The Long Goodbye - Continued
Two of this year’s Academy Award nominations will have a very poignant significance for Hollywood movie makers.
Many of the stars who once graced the silver screen, amongst them Ronald Regan, Charlton Heston, Peter Falk, Charles Bronson and Rita Hayworth, all succumbed to Alzheimer’s.
Actor Julianne Moore and singer Glen Campbell are strong chances to pick up Oscars this year for films in which the insidious disease is the theme. Moore has been nominated as Best Actress for her performance as a 50 year old linguistics professor suffering from early onset Alzheimer’s in ‘Still Alice’.
Singer/actor Glen Campbell, now 78 and suffering stage six Alzheimer’s, is in the running to take out the Oscar for Best Original Song.

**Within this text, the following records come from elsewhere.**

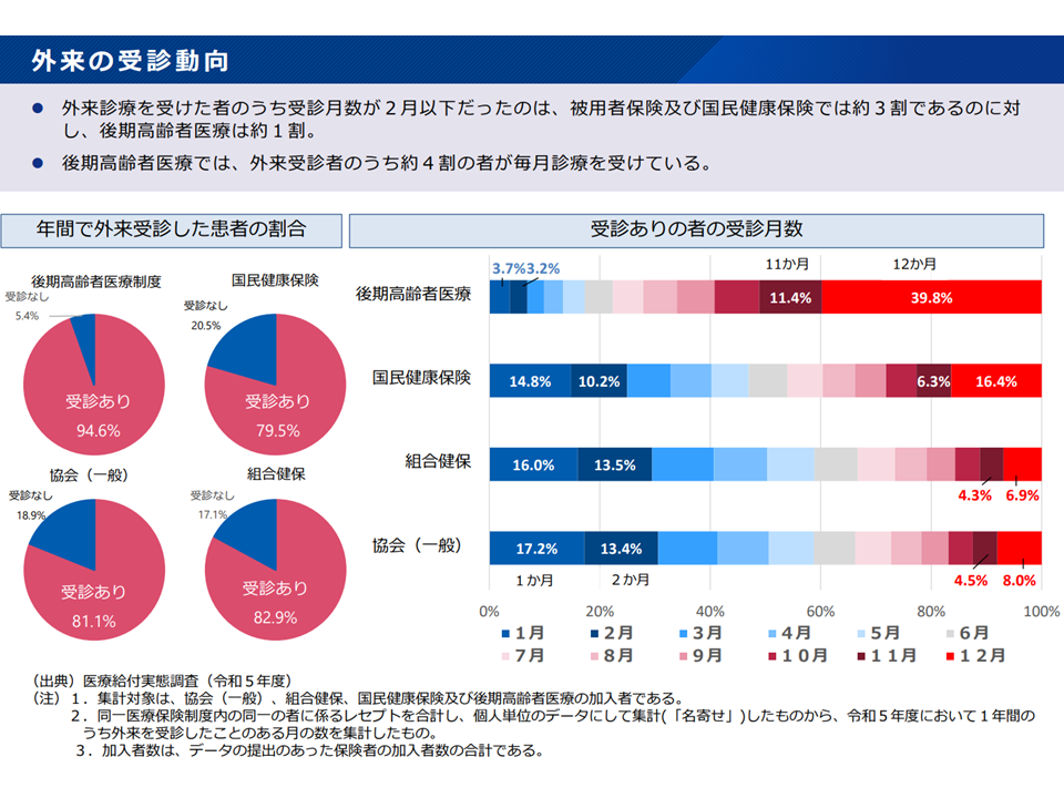 (b)現役世代に比べて、後期高齢者は「外来診療の受診頻度」が極めて高い
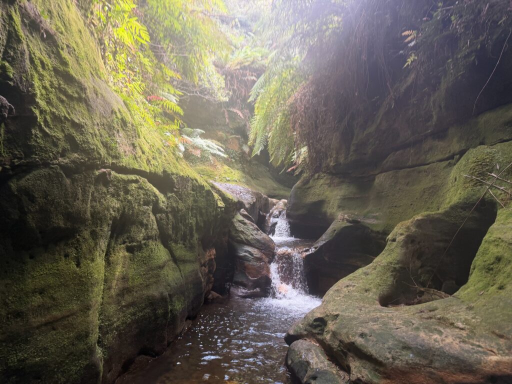Three of our committee members have decided to try out a short canyon on a quiet Monday morning. With some morning miscommunication, Vincent, our Walks Secretary, was on the train an hour early. He was found sitting in a train at Parramatta while I was still crossing Parramatta Rd at Homebush to get to my bus stop. Vincent’s train time coincides with the time when school kids go to school, which added a bit of chaos to the journey. The chants of “6-7! 6-7 !!” echoed as the old trains curved up the mountains towards Wentworth Falls. My train was a Lithgow-bound Mariyung train, trying out the new trains on the Blue Mtns line for the first time. At least there isn’t trash on the train, unlike their older counterparts. Many people have complaints about the new train, but all I care about is cleanliness and the new trains certainly outperform the older ones.
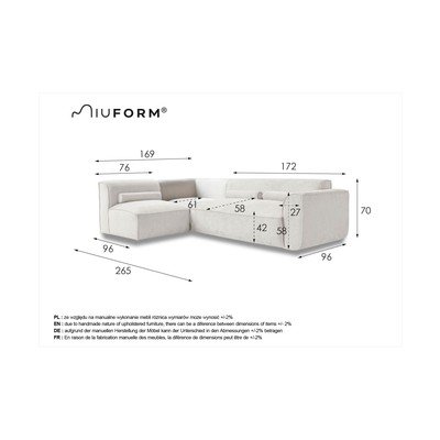 Ляв ъгъл/L формаСветлосивЧетириместенШирина 265 cmДълбочина 169 cmДълбочина на седалката 58 cm
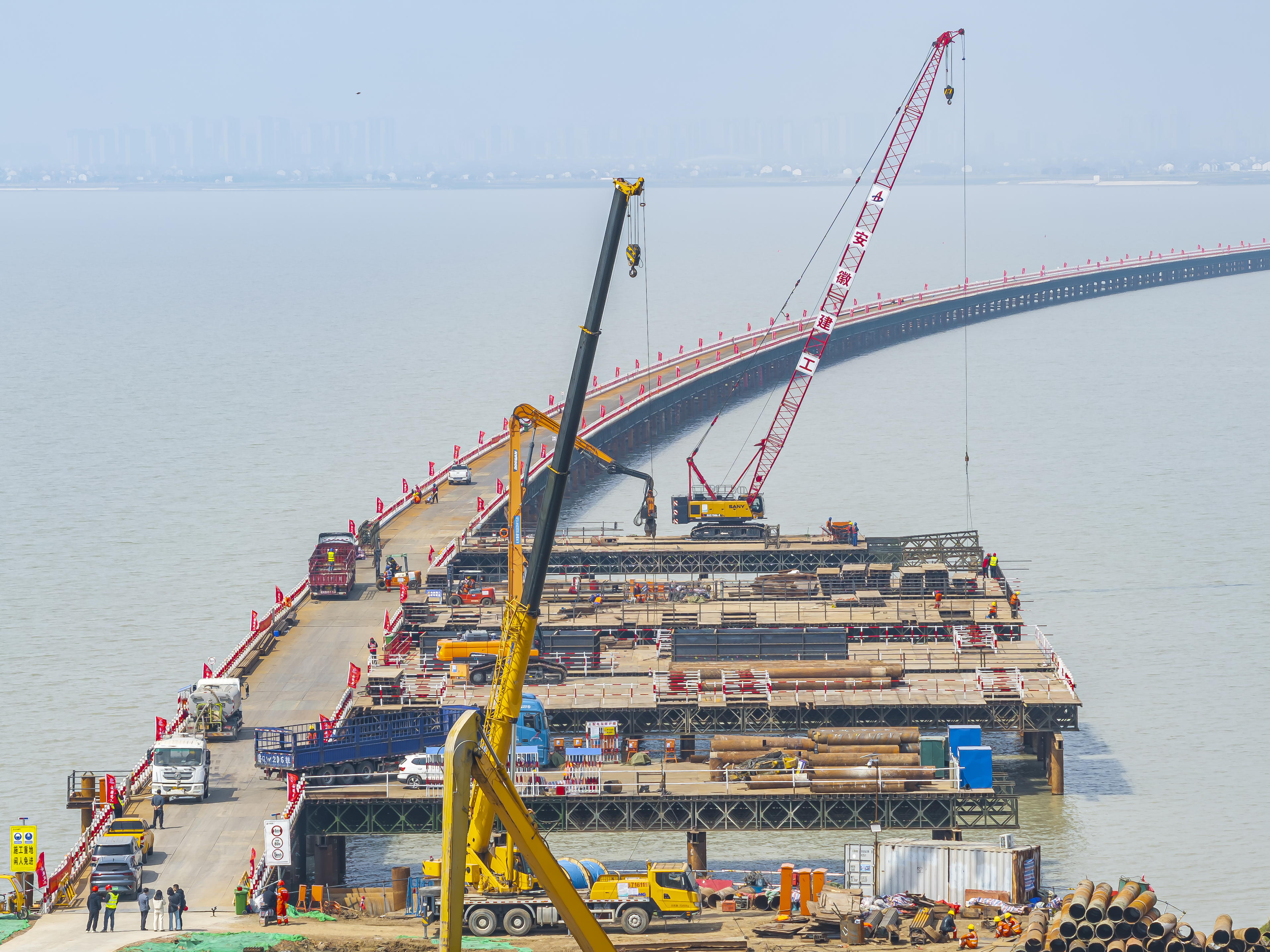 此次貫通的鋼便橋全長3.5公里,作為主橋施工的“生命線”,承擔著機械通行、材料運輸?shù)汝P鍵任務。為確保鋼便橋順利貫通,項目團隊東西兩岸雙向推進、同步攻堅,科學調配人員、物資等要素,歷時83天順利實現(xiàn)全幅貫通,較原計劃提前20天完成任務。

Glen’s heartfelt song, and final studio recording, ‘I’m Not Gonna Miss You’ features in the documentary ‘Glen Campbell...I'll Be Me’. The film centres on Campbell's struggles with Alzheimer's disease and documents his farewell tour. The Washington Post described it as “an elevating experience, inviting the audience to bear witness to Campbell’s courage, humour and spiritual strength. His story may make for a tough movie, but it’s an important and triumphant one, as well."
Early last year when he composed and recorded the song, Glen wrote on his blog…
“This might just be the most difficult post I have ever written here. To see someone you love forget themselves and forget everything around them, while slow degenerating, is a dark place I would not wish on anyone. In the same breath, we ALL need to talk about this condition more, and a song like this will incite the needed discussions.”
For the tens of thousands of people throughout the world who care for Alzheimer’s patients, the opening lines of the song will be tragically profound, “I’m still here but yet I’m gone”.